Mordfall Judith Thijsen: Tatverdächtigem drohte Sicherheitsverwahrung
19.04.16

Judith Thijsen wurde im vergangenen September umgebracht.

Der 48-jährige Straftäter, der auf einem Freigang aus dem Maßregelvollzug in Bad Rehburg im September Judith Thijsen getötet haben soll, wäre nach der Verbüßung seiner Haftstrafe und Beendigung seiner Therapie in Sicherheitsverwahrung gekommen.

Er war bereits wegen Vergewaltigung und sexueller Nötigung verurteilt. Das Landgericht Aurich hatte den Mann im Jahr 2012 zu knapp fünf Jahren Haft verurteilt sowie eine Unterbringung in einer Entziehungsklinik und anschließend in der Sicherheitsverwahrung angeordnet. Zunächst war der Mann nach der Verurteilung für elf Monate in einem regulären Gefängnis im Justizvollzug untergebracht worden. Im Januar 2013 folgte die Verlegung in den Maßregelvollzug, der neben der Strafe auch eine Therapie beinhaltet.

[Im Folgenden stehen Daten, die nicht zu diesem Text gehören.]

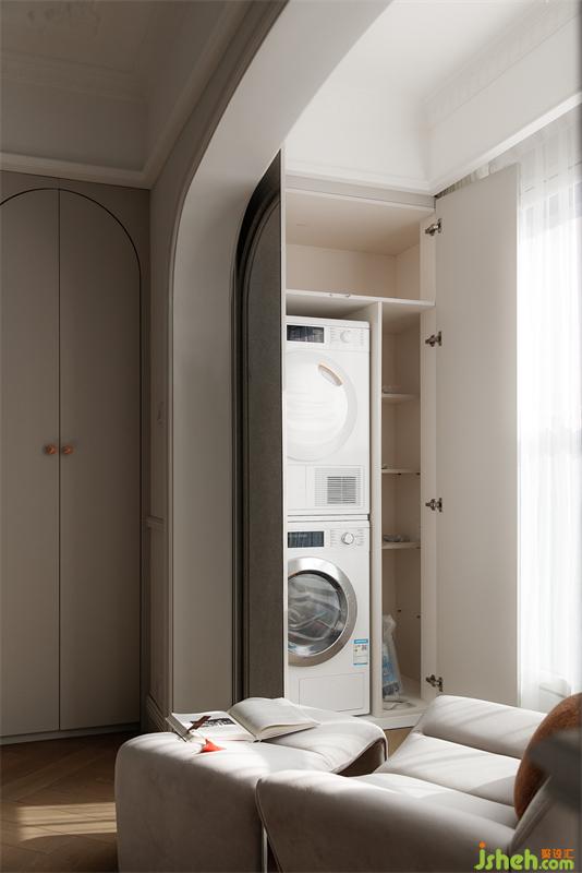 衣柜上的功能和入戶類似,特意安排在房門后面和床尾過(guò)道相對(duì),鏡子的大面積使用既能擴(kuò)展空間,又能有足夠的距離作為更衣鏡使用。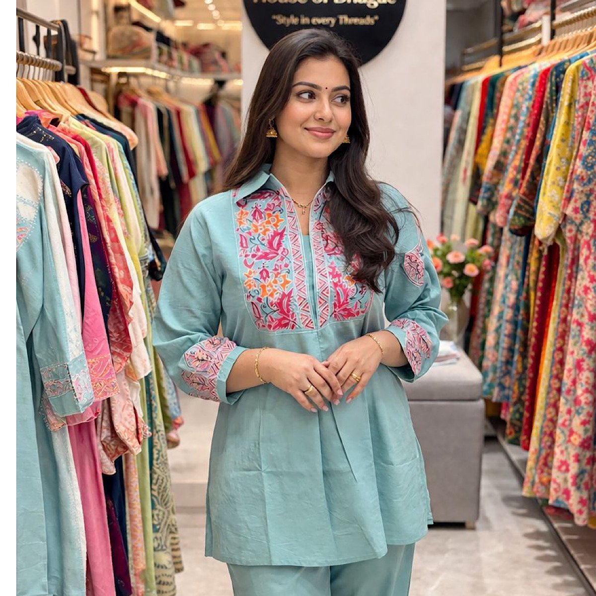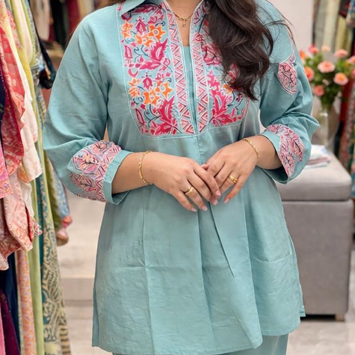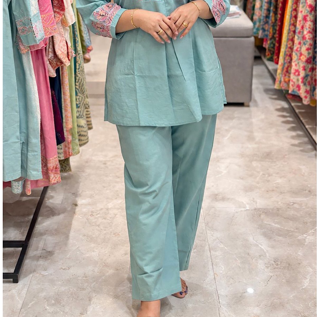 Upgrade your wardrobe with this fashionable Co-Ord Set crafted from high-quality mull cotton fabric, enhanced with delicate thread work for a stylish and refined look. The soft and breathable material ensures a smooth and comfortable feel throughout the day, making it ideal for all-day wear. The 3/4 sleeve design adds a balanced and elegant touch, while the vibrant firozi color gives a fresh and eye-catching appeal. Perfect for casual outings or everyday wear, this versatile co-ord set pairs effortlessly with minimal accessories and comfortable footwear for a chic and modern outfit.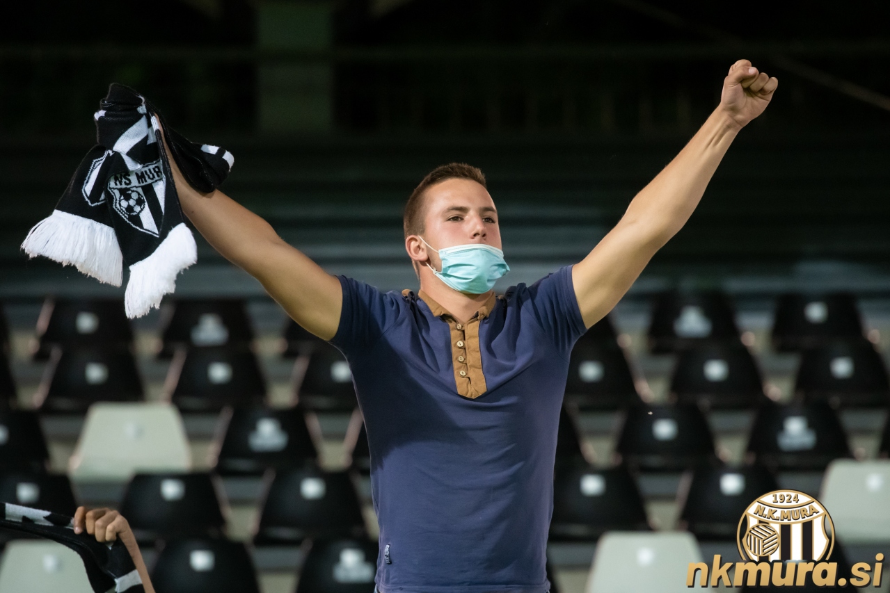 Na tribunah so bili lahko le gledalci s sezonskimi vstopnicami in z maskami. Avtorske pravice: nkmura.si Foto: Aleš Cipot/fotolens.si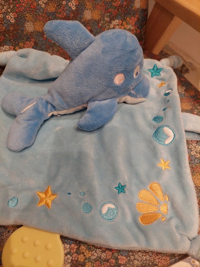 #06 Mots d'enfants - doudou carré dauphin bleu - photo numéro 6
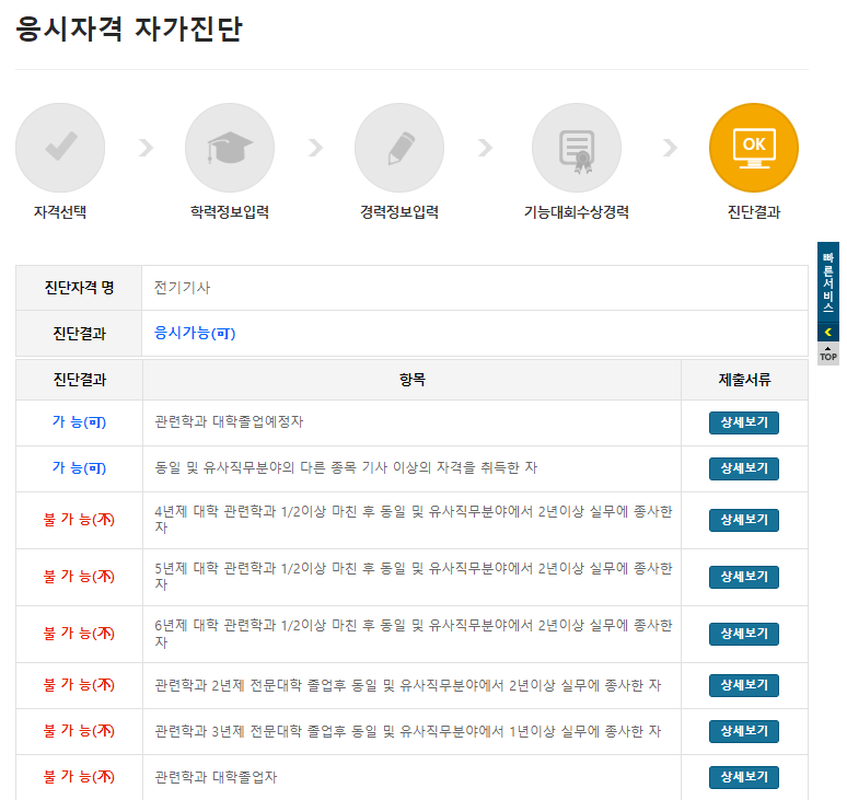 진단결과 저는 4년제 대학 화학과를 졸업해서 전기기사 응시가능으로 나왔습니다.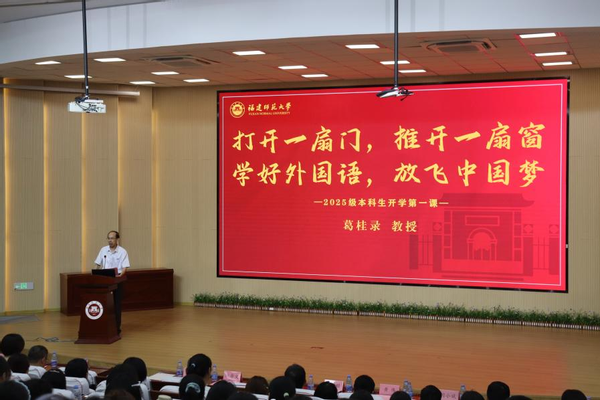 9月8日上午,外国语学院院长葛桂录教授在仓山校区陈明金教学楼多功能厅分别为2025级研究生、本科生新生讲授“开学第一课”。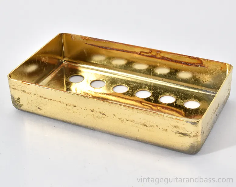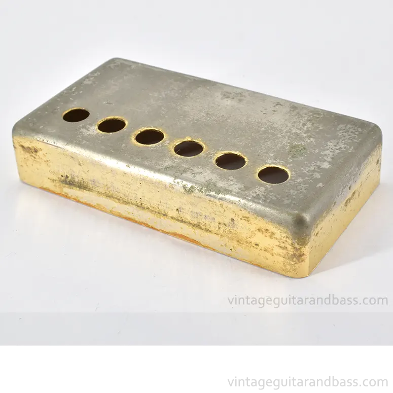 The gold-plating of this pickup has largely worn away, although it is most visible on the pickup sides, generally the areas protected by the plastic mounting rings.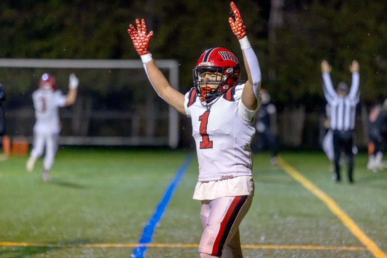 But Walker won't be denied. He leads Falmouth down the field with clutch throw after clutch throw, converting his own 4th and 7. Then with 29 seconds left, he runs a no doubter into the end zone.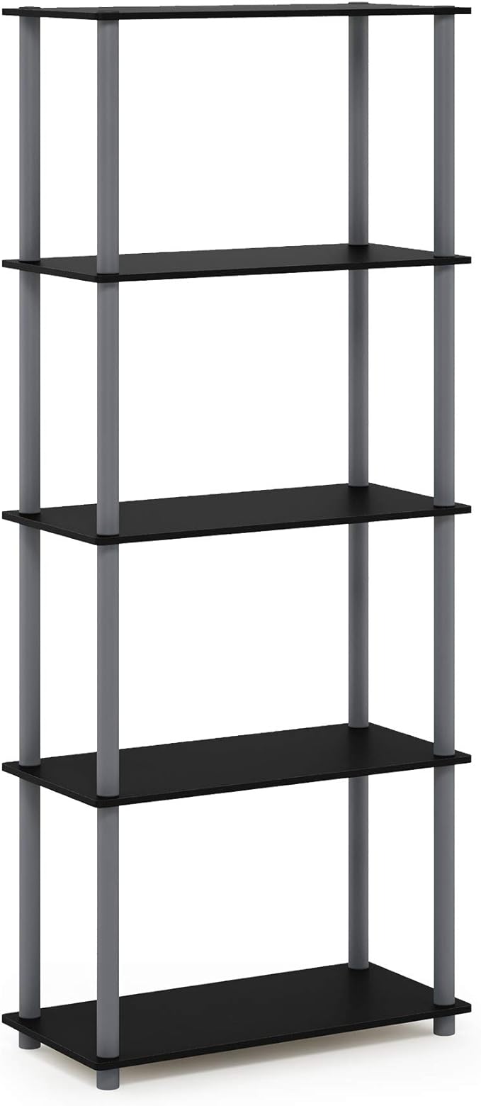 Furinno Turn-N-Tube 5-Tier Multipurpose Shelf / Display Rack / Storage Shelf / Bookshelf, Round Tubes, Black/Grey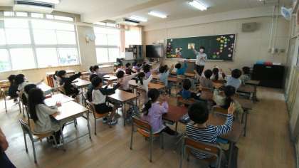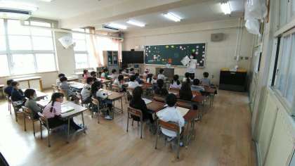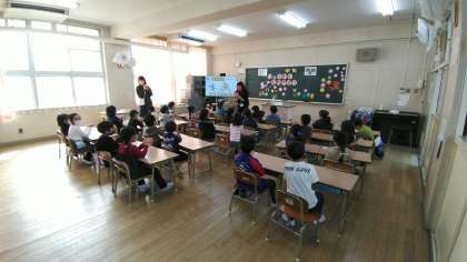 この日は、感染予防のための手洗いのしかたやトイレのことなどを学ぶ保健指導で、養護教諭が一時間づつ各学級をまわりました。
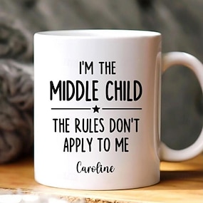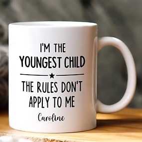 Caneca personalizada para presente de criança mais velha, caneca de cerâmica com nome personalizado, "Quem faz as regras?", 325 ml/445 ml, branca, para aniversário, Natal, família, humor. Canecas de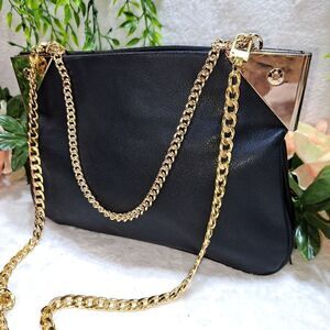 Beautiful and stylish black evening bag. Hinged sides with magnectic closure. Comes with 2 different length straps. One 20 in to carry like a clutch and one 48 to carry like a bag.

In Bad Rehburg sollte die Alkoholsucht des Tatverdächtigen behandelt werden. Hier soll er im vergangenen Herbst auf einem Freigang Judith Thijsen umgebracht haben. Seit Donnerstag sitzt der 48-Jährige deshalb in Untersuchungshaft.


Seit Ende 2014 durfte er die Klinik in Bad Rehburg auch unbegleitet mehrmals verlassen. Eine externe Kommission aus mehreren Psychologen und Ärzten hatte dem damals zugestimmt. Auch die Staatsanwaltschaft in Aurich habe keine Erkenntnisse gehabt, die gegen eine entsprechende Lockerung sprachen, erklärt deren Pressesprecherin und Oberstaatsanwältin Dr. Katja Paulke gegenüber dieser Zeitung. Zum Zeitpunkt dieser Entscheidung seien die Richtlinien des Maßregelvollzuges anzuwenden gewesen, da die Sicherheitsverwahrung erst im Anschluss daran erfolgt wäre.


Zuständig für den Maßregelvollzug ist das Sozialministerium. Erfolgt sei die Genehmigung der Vollzugslockerung durch die Vollzugsleitung des Maßregelvollzugszentrums Bad Rehburg nach vorheriger prognostischer Einschätzung und Befürwortung durch ein externes dreiköpfiges forenisisch-psychiatrisch erfahrenes Prognoseteam sowie mit Zustimmung der zuständigen Vollstreckungsbehörde, erklärt Uwe Hildebrandt, Pressesprecher des Ministeriums auf BlickPunkt-Nachfrage. Während der gesamten Unterbringungsdauer sei bei dem Tatverdächtigen sowohl innerhalb der Maßregelvollzugseinrichtung wie auch bei seinen Vollzugslockerungen kein Regelverstoß festgestellt worden. Jede Vollzugslockerung werde im therapeutischen Prozess vor- und nachbereitet. „Dies gilt auch für die Lockerungen, die der Tatverdächtige erhalten hat“, betont Hildebrandt.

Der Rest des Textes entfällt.